I slipped inside, moving fast but carefully, knowing one wrong sound could expose me.
Every second felt borrowed. Every shadow felt like protection.
It was not just a room—it was a room that had many secrets and which were collected and kept in big vaults. And I was inside it, unseen, uninvited, carrying away truths that had never been meant to leave. The room was dim, lit only by a desk lamp and the glow of a sleeping monitor.
Rows of cabinets line the wall, each one heavy with secrets. I crossed the room door, opened the correct drawer, and pulled out the files—thick, marked, final. The weight of them settles into my hands, heavier than paper should be.
I didn't linger. I turned, straightened my leathered jacket, and left the office exactly as I found it—except now, the truth is moving with me.

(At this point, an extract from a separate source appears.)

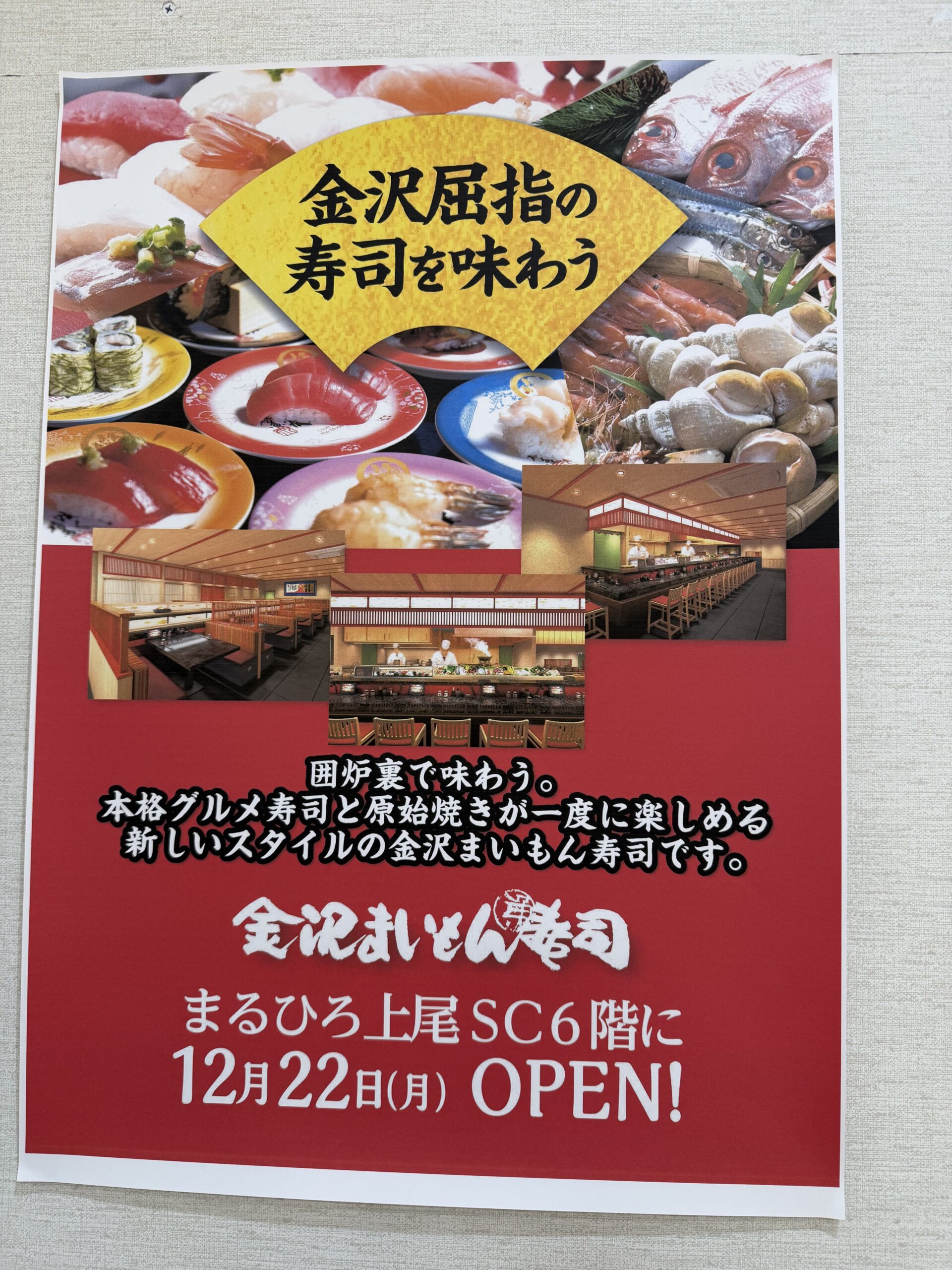 「金沢まいもん寿司 まるひろ上尾SC店」のオープン情報でした♪

"I don't know how long these truths have been buried, or how many people suffered because no one had the courage to expose them. But I've seen it. I've held it. And now… it's out. You can't undo what's in these pages. Every secret, every name, every weapon—they all end here. I just hope it's enough to stop them before more damage is done." l said with a strong sense of passion. Handling over the files to him. Because now for me the mission was over for the night.
"You did well. More than well. You risked everything to carry the weight of the world in your hands. These files… they're dangerous, more dangerous than you know. But now that the truth is ours, we have a choice. We can stop them. Or let them keep hiding in the shadows. Either way… you've made a mark that will never fade." he replied taking the files and then set them on the side.
By morning, the adrenaline had faded, replaced by the mundane hum of life. Sunlight streamed softly through my bedroom window, brushing over the neatly folded clothes and the quiet mess of last night's thoughts. I stretched, yawned, and shuffled toward the bathroom.
I run a hand through my long black hair and catch my reflection for a moment—how it falls like a dark river, smooth and shining, framing my face just right. My emerald eyes meet my own gaze, sharp and curious, but soft too when I allow myself to smile. My skin feels clear and soft under my fingers, almost glowing in the sunlight that sneaks through the window.
I glanced down at myself, noticing how my body feels—fit, toned, strong enough without being bulky. Every movement I make is fluid, natural, and I like that about myself. There's a balance here, a kind of quiet confidence, a poise that doesn't shout but doesn't go unnoticed either. I carry myself the way I like—elegant, aware, and fully me.
And l looked through my wardrobe and took the same old outfit of my job. I had started working at the civil servant last month and l am still trying to get used to it as a backup for my backup s that it won't seem suspicious or let anyone find out that l am a spy.
Breakfast was quick—a slice of toast, a cup of coffee—and the world felt ordinary, almost painfully normal. The bus ride to the civil servant office was uneventful: familiar streets, familiar faces, nothing to hint at the mission that still lingered in my mind. I walked in, ID badge clipped neatly to my shirt, a stack of papers in hand, and greeted colleagues with practiced cheer.
The morning passed in a blur of filing, typing, and polite conversations. By the afternoon, the weight of work lifted slightly as Angel called out my name from across the office. We had planned to grab coffee and just walk for a while, soaking in the small joys of normal life. I smiled, tossing my hair back, and joined her—laughing at jokes, chatting about movies and weekend plans, feeling the rare, grounding sense of safety that only ordinary life could offer.
Yet beneath it all, the memory of last night lingered—a quiet pulse reminding me that no matter how normal this life seemed, the shadows I carried would never truly disappear.